**Task prompt**
Could you transcribe every record below exactly, leaving out the pictures?

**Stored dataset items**
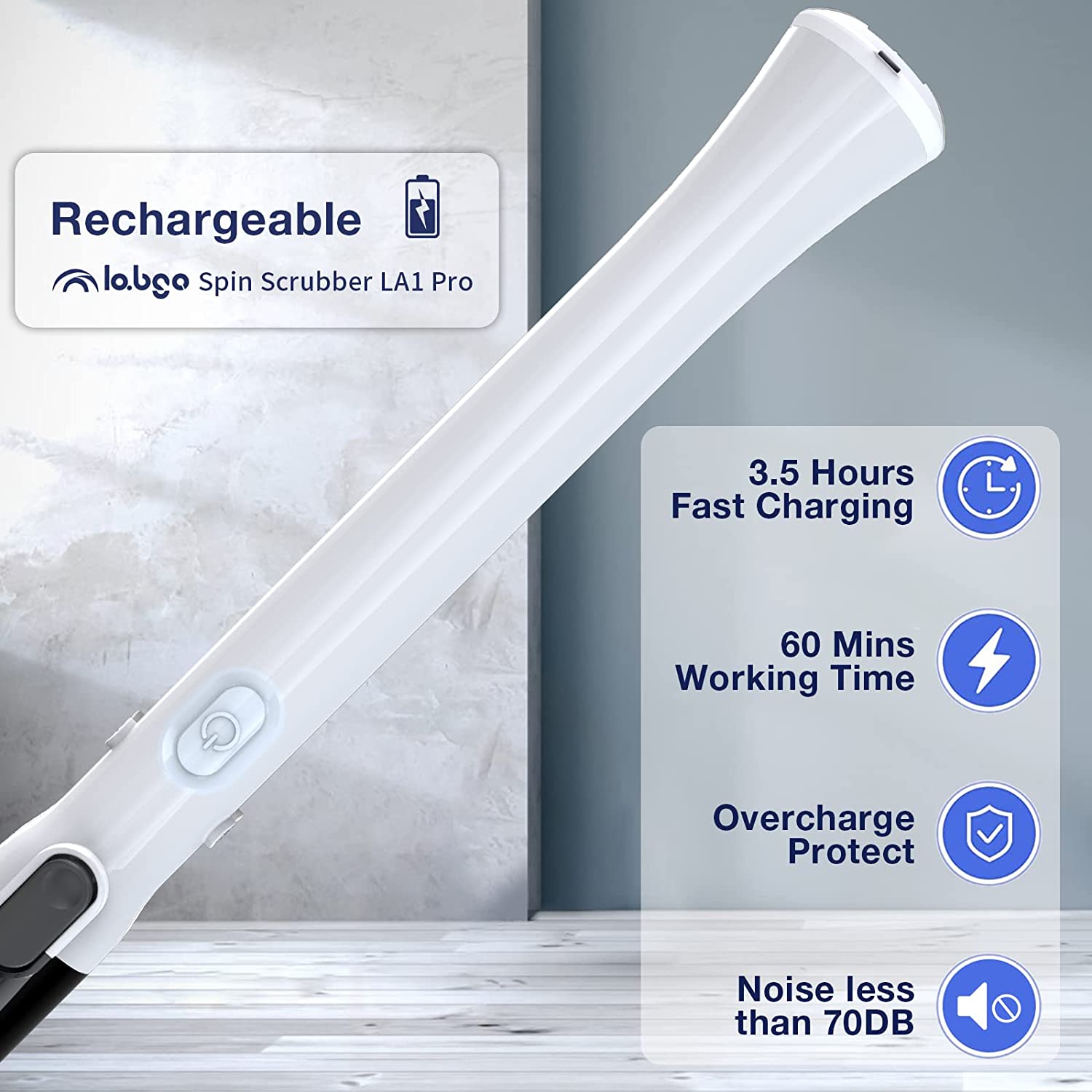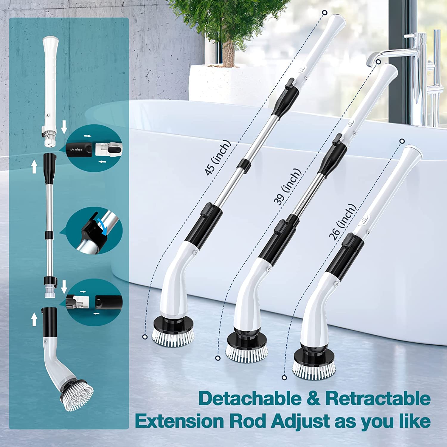 LABIGO Electric Spin Scrubber. with 4 Replaceable Brush Heads and Adjustable Extension Handle. Power Cordless Spin Scrubber for Bathroom Stone Tile Floor.Grout.Grooves(Black)
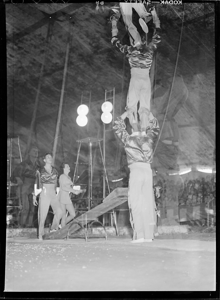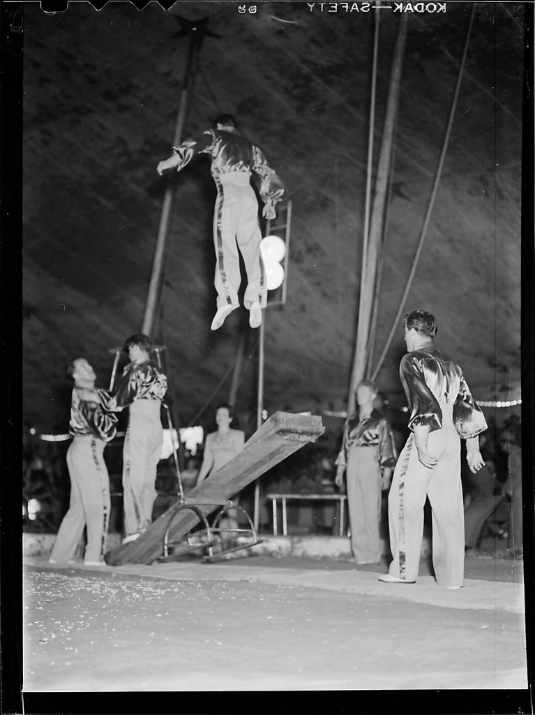 There are 4 negatives of a circus acrobat routine. This is from the Clyde Beatty Circus that was in Stockton, May 5, 1948.
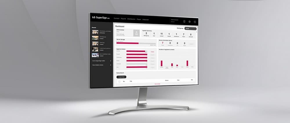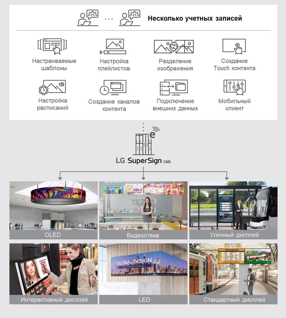 Бизнесу для выполнения своих коммуникационных задач требуется объединённая в единую разветвлённая система дисплеев, расположенных удалённо друг от друга. Управление этими дисплеями осуществляется при помощи выделенного персонального компьютера - сервера LG SuperSign CMS, который при помощи специального программного обеспечения осуществляет трансляцию комбинированного или интерактивного контента, а также обеспечивает мониторинг дисплеев. LG SuperSign CMS - комплексное программное обеспечение с функциями создания и управления аудио-видео материалами и их отображения, оптимизированное для профессиональных дисплеев LG. Данное программное обеспечение поддерживает до 1000 дисплеев и множество учетных записей, может быть связано с внешними базами данных и обеспечивает доступ к серверу с мобильных устройств. Благодаря простому и интуитивно понятному интерфейсу и параметрам шаблонов LG SuperSign CMS повышает эффективность создания и редактирования контента, а также его распространения. Пользователи могут легко настроить параметры яркости и громкости, чтобы задавать заранее определенное расписание, создавать синхронизированный контент для видеостен, а также многоканальный контент, который обеспечивает простое и быстрое переключение аудио-видео материалов на месте с помощью пульта ДУ.
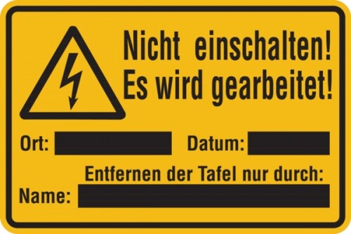 Warnschild, Nicht einschalten! Es wird gearbeitet! - zum Selbstbeschriften - 300x200x1.5 mm Kunststoff
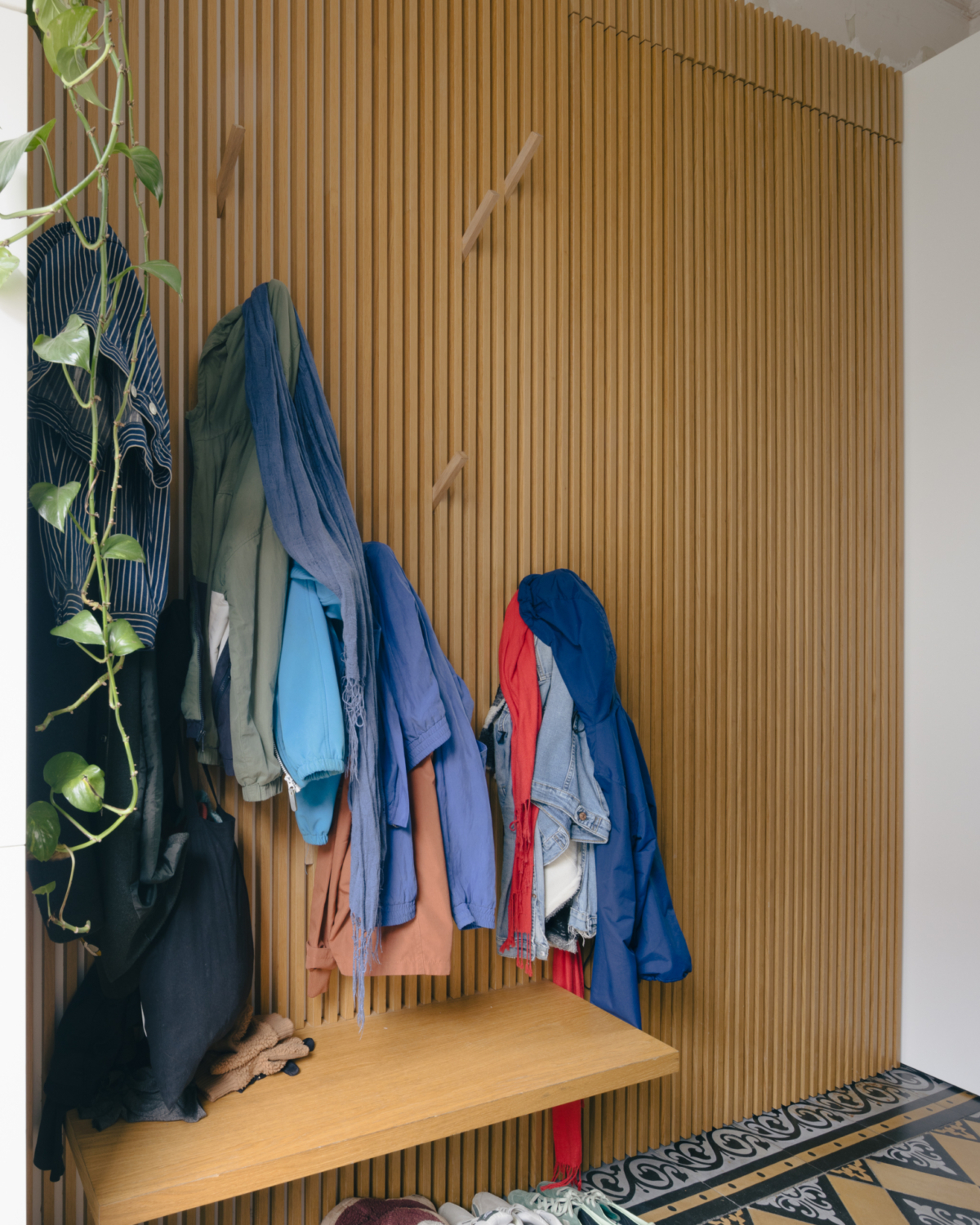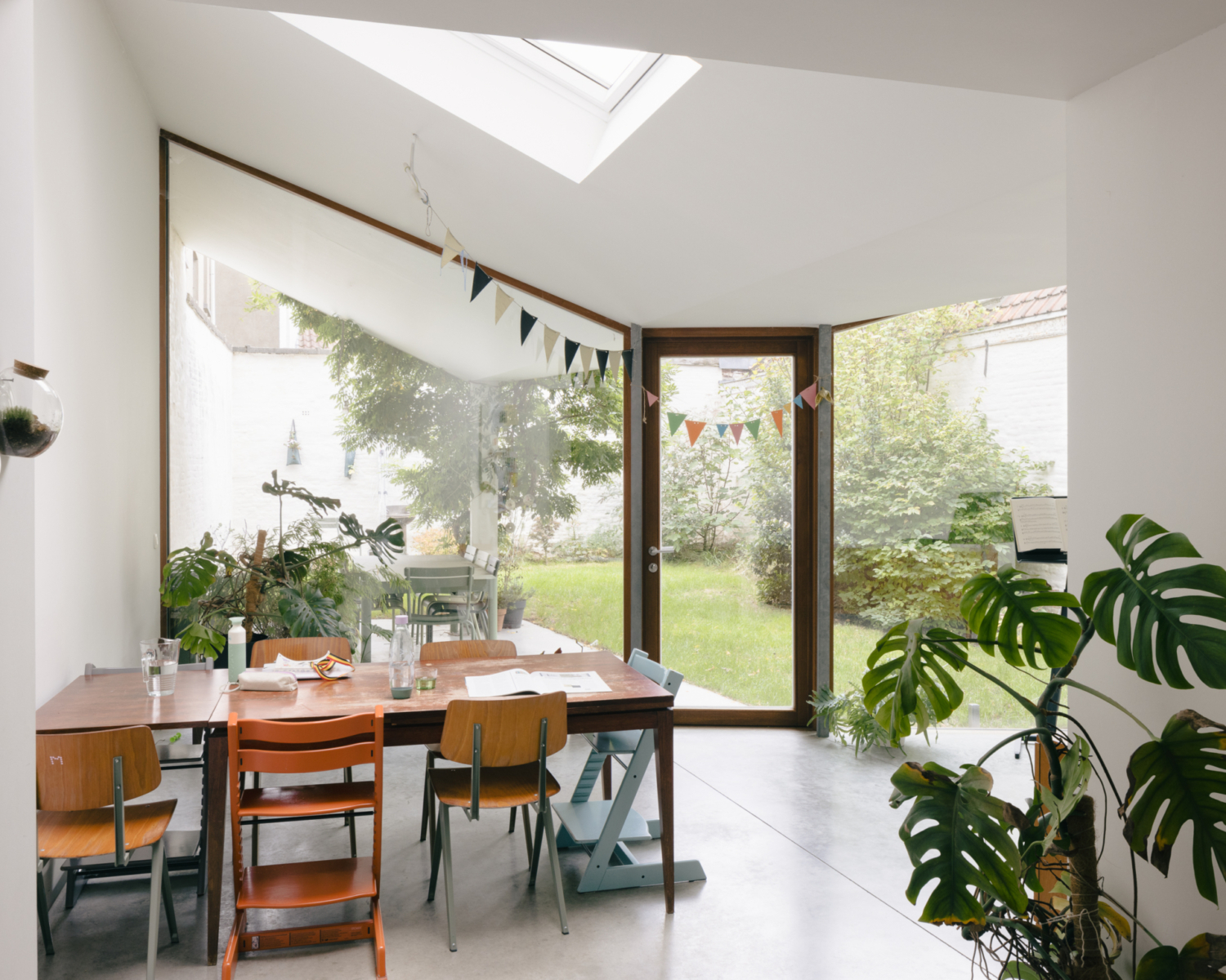 De binnenruimte verbindt de linker -en rechtervleugel van het bestaand gebouw en biedt plaats aan de eetruimte. Door deze verschuiving kan de keuken naar achter geplaatst worden met zicht op de tuin. Vooraan komt zo ruimte vrij voor een (fietsen)berging, verborgen achter de vestiaire in de inkomhal.

**Output of the task**
 LABIGO Electric Spin Scrubber. with 4 Replaceable Brush Heads and Adjustable Extension Handle. Power Cordless Spin Scrubber for Bathroom Stone Tile Floor.Grout.Grooves(Black)
 There are 4 negatives of a circus acrobat routine. This is from the Clyde Beatty Circus that was in Stockton, May 5, 1948.
 Бизнесу для выполнения своих коммуникационных задач требуется объединённая в единую разветвлённая система дисплеев, расположенных удалённо друг от друга. Управление этими дисплеями осуществляется при помощи выделенного персонального компьютера - сервера LG SuperSign CMS, который при помощи специального программного обеспечения осуществляет трансляцию комбинированного или интерактивного контента, а также обеспечивает мониторинг дисплеев. LG SuperSign CMS - комплексное программное обеспечение с функциями создания и управления аудио-видео материалами и их отображения, оптимизированное для профессиональных дисплеев LG. Данное программное обеспечение поддерживает до 1000 дисплеев и множество учетных записей, может быть связано с внешними базами данных и обеспечивает доступ к серверу с мобильных устройств. Благодаря простому и интуитивно понятному интерфейсу и параметрам шаблонов LG SuperSign CMS повышает эффективность создания и редактирования контента, а также его распространения. Пользователи могут легко настроить параметры яркости и громкости, чтобы задавать заранее определенное расписание, создавать синхронизированный контент для видеостен, а также многоканальный контент, который обеспечивает простое и быстрое переключение аудио-видео материалов на месте с помощью пульта ДУ.
 Warnschild, Nicht einschalten! Es wird gearbeitet! - zum Selbstbeschriften - 300x200x1.5 mm Kunststoff
 De binnenruimte verbindt de linker -en rechtervleugel van het bestaand gebouw en biedt plaats aan de eetruimte. Door deze verschuiving kan de keuken naar achter geplaatst worden met zicht op de tuin. Vooraan komt zo ruimte vrij voor een (fietsen)berging, verborgen achter de vestiaire in de inkomhal.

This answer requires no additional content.